- Goal of the exercise -
Starting at the line with "さっそくこの白黒(マスク)テ" and going on through the line with "Wooden Hanger with", reproduce each line in the records below exactly and nothing more.

- Recorded information -
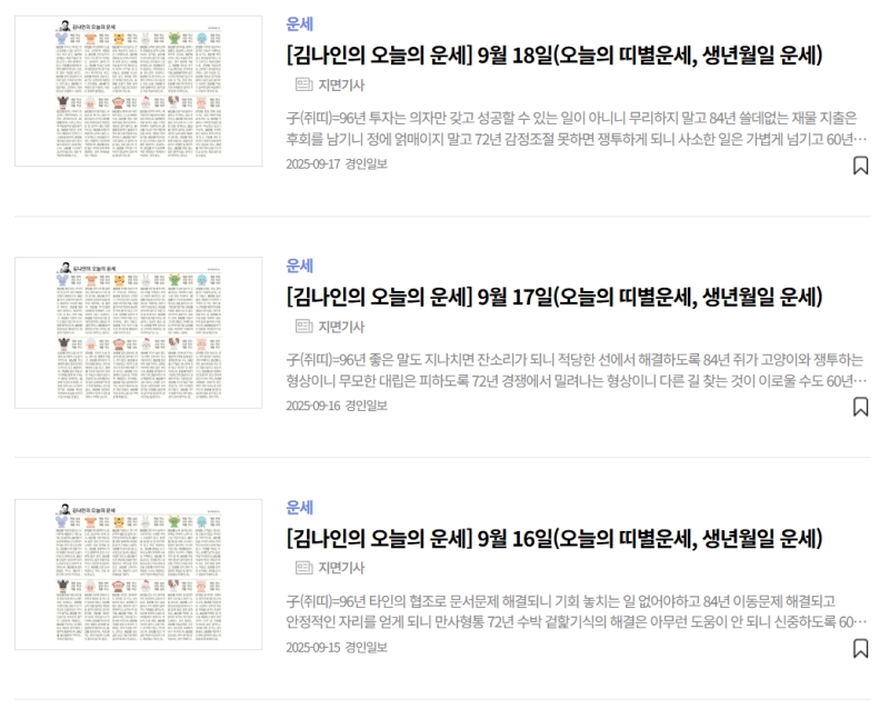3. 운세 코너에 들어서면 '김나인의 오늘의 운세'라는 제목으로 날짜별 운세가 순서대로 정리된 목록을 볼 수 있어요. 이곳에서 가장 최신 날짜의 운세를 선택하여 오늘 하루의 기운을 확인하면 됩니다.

---

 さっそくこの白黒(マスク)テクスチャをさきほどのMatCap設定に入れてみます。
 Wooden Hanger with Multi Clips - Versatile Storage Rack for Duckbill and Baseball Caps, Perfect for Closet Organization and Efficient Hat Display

- Response to this exercise -
 さっそくこの白黒(マスク)テクスチャをさきほどのMatCap設定に入れてみます。
 Wooden Hanger with Multi Clips - Versatile Storage Rack for Duckbill and Baseball Caps, Perfect for Closet Organization and Efficient Hat Display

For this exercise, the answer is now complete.